Working with Results¶

Beyond the 12 summary metrics, hotcoco gives you access to per-image evaluation results and the full precision/recall arrays.

Loading results¶

load_res returns a new COCO object containing your detections, with images and categories copied from the ground truth.
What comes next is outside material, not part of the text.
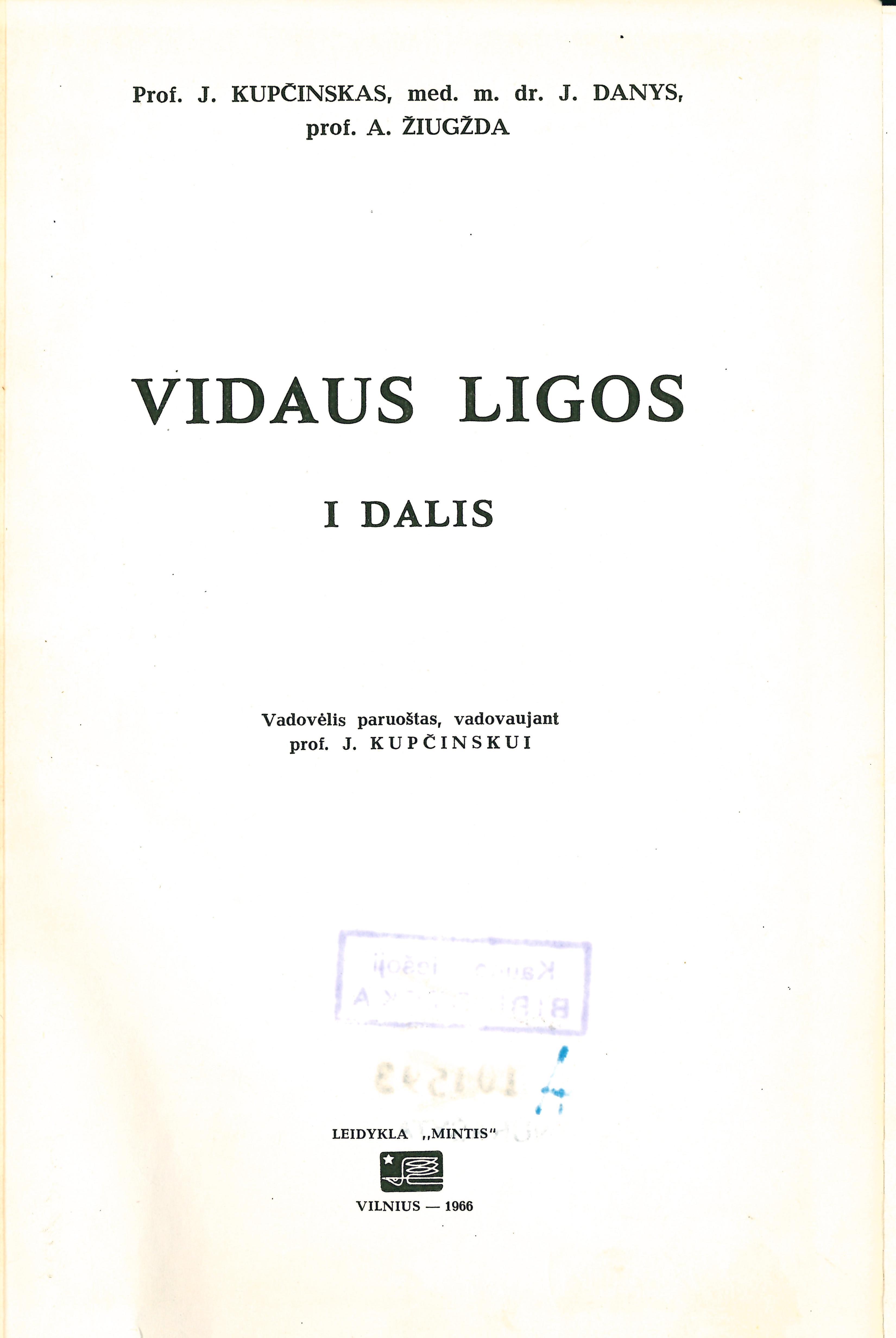 Vidaus ligos / J. Kupčinskas, J. Danys, A. Žiugžda. – Vilnius : Mintis, 1966-1967. – 2 dalys.

It accepts three input formats:

JSON fileList of dictsNumPy arrayRust

coco_gt = COCO("instances_val2017.json")
coco_dt = coco_gt.load_res("detections.json")

detections = [
    {"image_id": 42, "category_id": 1, "bbox": [10, 20, 100, 80], "score": 0.95},
    {"image_id": 42, "category_id": 3, "bbox": [200, 150, 60, 40], "score": 0.72},
]
coco_dt = coco_gt.load_res(detections)

import numpy as np

# Shape (N, 7): [image_id, x, y, w, h, score, category_id]
arr = np.array([
    [42, 10, 20, 100, 80, 0.95, 1],
    [42, 200, 150, 60, 40, 0.72, 3],
], dtype=np.float64)
coco_dt = coco_gt.load_res(arr)

# Shape (N, 6): category_id defaults to 1
coco_dt = coco_gt.load_res(arr[:, :6])

// From a file
let coco_dt = coco_gt.load_res(Path::new("detections.json"))?;

// From in-memory annotations
let coco_dt = coco_gt.load_res_anns(my_annotations)?;

load_res automatically computes missing fields based on the detection format:

Detection type	Auto-computed fields
bbox	`area` from bbox, polygon `segmentation` from bbox
segm	`area` from RLE mask
keypoints	`area` from keypoint extent bbox

Per-image evaluation results¶

After calling evaluate(), the eval_imgs field contains per-image, per-category, per-area-range results:

PythonRust

ev = COCOeval(coco_gt, coco_dt, "bbox")
ev.evaluate()

# eval_imgs is a list — some entries may be None
for e in ev.eval_imgs:
    if e is not None:
        print(f"Image {e['image_id']}, Cat {e['category_id']}")
        print(f"  DT matches: {e['dtMatches']}")
        print(f"  GT matches: {e['gtMatches']}")
        print(f"  DT scores:  {e['dtScores']}")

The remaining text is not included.